Green Car Congress: Hydrogenics to Supply Hydrogen Refuelling Station for Wind Hydrogen Project

A problem with wind energy is its variability. Obviously, some days the wind blows, sometimes a lot, and other days it's still. But what if the wind is still on a day you really need it? Wind energy offers a great environmental story, because nothing could be cleaner (so long as you site/design the turbines to avoid birds) ... but if you can't use the wind power on days you need it, then you need a different power source. Or, perhaps you can capture the energy derived from the wind, store that energy somehow, and use the energy later drawing it from wherever it was stored.

Energy is energy. Physics tells us several ways to store energy, such as winding up a spring, running a flywheel, pumping water uphill, storing heat, etc.

In Hydrogenics to Supply Hydrogen Refuelling Station for Wind Hydrogen Project they talk of hydrogen.

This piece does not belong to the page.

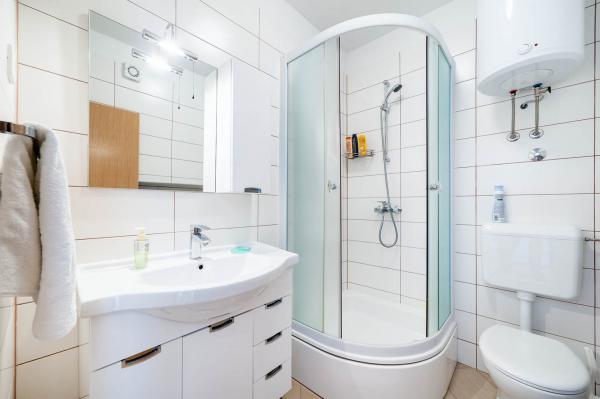 Razem z rodziną spędziłam w apartamencie cudowny urlop. Gościnni właścicieleNowy, luxusowy dom dopracowany w każdym detalu. Wyposażenie kuchni bardzo wysokiej jakości. Oczywiście ze zmywarką. Iwan z żoną zadbali nawet o takie szczegóły jak kieliszki do różnych win, szampana, serwetki, świece. Bardzo duży taras z widokiem na morze, gdzie jedliśmy posiłki. Do pięknej plaży 50m, do dyspozycji gości leżaki i parasol. Ogródek z pomidorami, truskawkami i figami. Świetnie wyposażona łazienka z pralką, czyściutkie ręczniki oraz wszelka niezbędna chemia włącznie z płynem do prania. Wygodne sypialnie. Jest to jedyny apartament w domu, cisza i błogi relax. Blisko sklep, bar-restauracja. Na większe zakupy i zwiedzanie można wybrać się do Trogiru-15 min drogi samochodem. W przyszłym roku na pewno tam wrócimy.

The electricity coming out of a wind turbine can be used to electrolyze hydrogen. You store the hydrogen, and later do something to generate electricity again using the hydrogen. For example you could run it through a fuel cell and generate electricity, or you could simply burn it and capture the heat to turn a turbine.

The article talks about North Dakota as "the Saudi Arabia of wind". An interesting analogy, except that Saudi Arabia is sitting on a dwindling resource, while the wind is endless.

Hydrogenics is a company specializing in hydrogen based systems for onsite hydrogen generation, power systems, and test systems.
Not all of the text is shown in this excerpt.